Now, you want to run the iocLocator() function in the main file before your app runs, so import it and add it above your runApp() function like so:

void main() {
  iocLocator();
  runApp(MyApp());
}

Now you can use the data from that service in your widgets and files, I'll attempt to print the infoText out.

import 'package:flutter/material.dart';
import 'package:ioc/ioc.dart';

class IocView extends StatelessWidget {
  final infoService = Ioc().use('service1');

  @override
  Widget build(BuildContext context) {
    return Scaffold(
      body: Center(
        child: Text(infoService.infoText),
      ),
    );
  }
}

To see other cool features with the IoC package, check out their pub.dev page.

Get It

Get it is one of the more popular ways to handle DI in flutter apps. You can also register your dependencies as singletons, lazy singletons or factory.
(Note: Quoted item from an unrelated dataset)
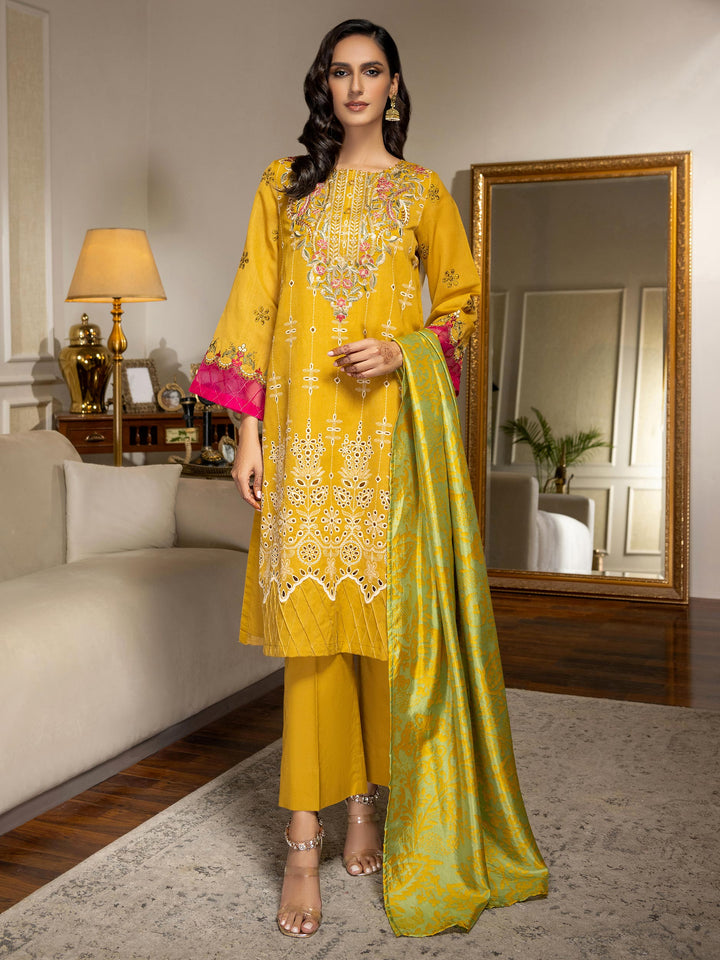 - Unstitched 3 Piece Embroidered Net Suit (Shirt+Dupatta+Trouser)
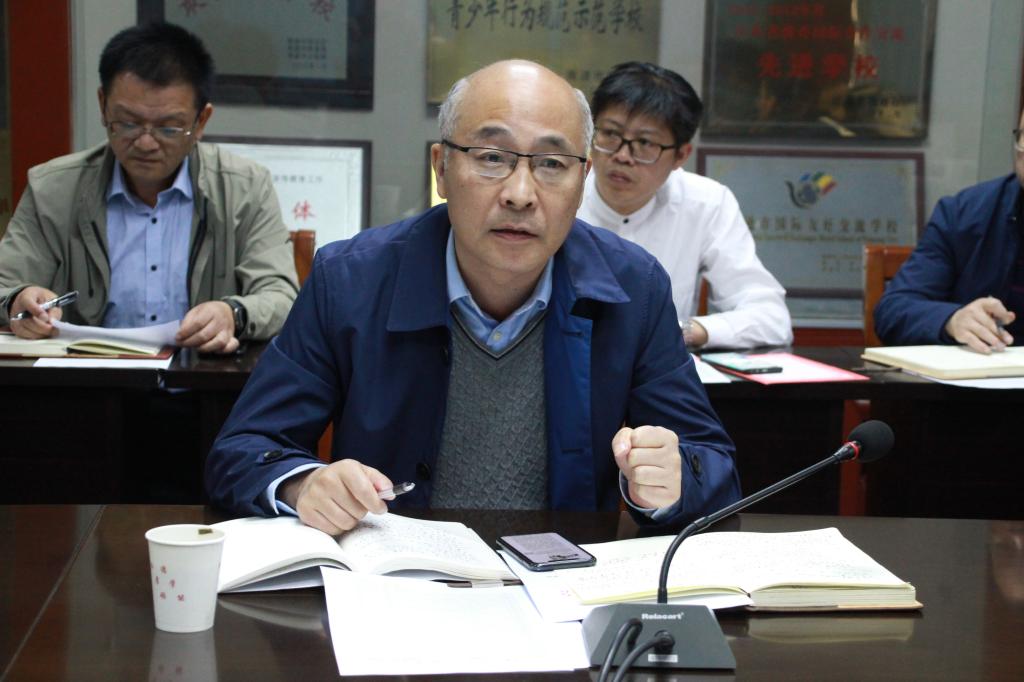 会上,校长万军传达学习了总书记系列讲话精神,他从讲话背景、精神起源和精神内涵三个方面带领大家一起进行了深入学习。副校长陈建明、孙海如分别就贯彻新发展理念,推动学校高质量发展和坚决抵御防范宗教向校园渗透做了学习体会交流。

  • A singleton will always return the same instance of that service.
  • A lazy Singleton will create the object on the first instance when it is called. This is useful when you have a service that takes time to start and should only start when it is needed.
  • A Factory will return a new instance of the service anytime it is called.
Usage

First, add get_it to your pubspec.yaml file:

get_it: ^3.1.0

Now, you can create a file to register all your objects, I'll call mine service_locator.dart, and place a single function in it called getServices().

import 'package:get_it/get_it.dart';

GetIt getIt = GetIt.instance;

void getServices() {
  getIt.registerFactory(() => InfoService());
  getIt.registerSingleton(() => MyService());
  getIt.registerLazySingleton(() => OtherService());
}

As of version 2.0.0, get_it was remade into a singleton, you now get the same instance of get_it with GetIt.instance or GetIt.I.

Now place the getServices() function before running the app in your main.dart file:

void main() {
  setupLocator();
  runApp(MyApp());
}

To use the registered objects in your widgets, simply call locator.get<Type>() or locator<Type>(), where type, in our case, is InfoService.

class InfoView extends StatelessWidget {
  final infoService = getIt.get<InfoService>();

  @override
  Widget build(BuildContext context) {
    return Scaffold(
      body: Center(
        child: Text(infoService.infoText),
      ),
    );
  }
}

Why Should I Use Dependency Injection?

  • DI is helpful for better development experience.
  • Adding a bit of structure to your projects.
  • Great for mocking objects when writing tests.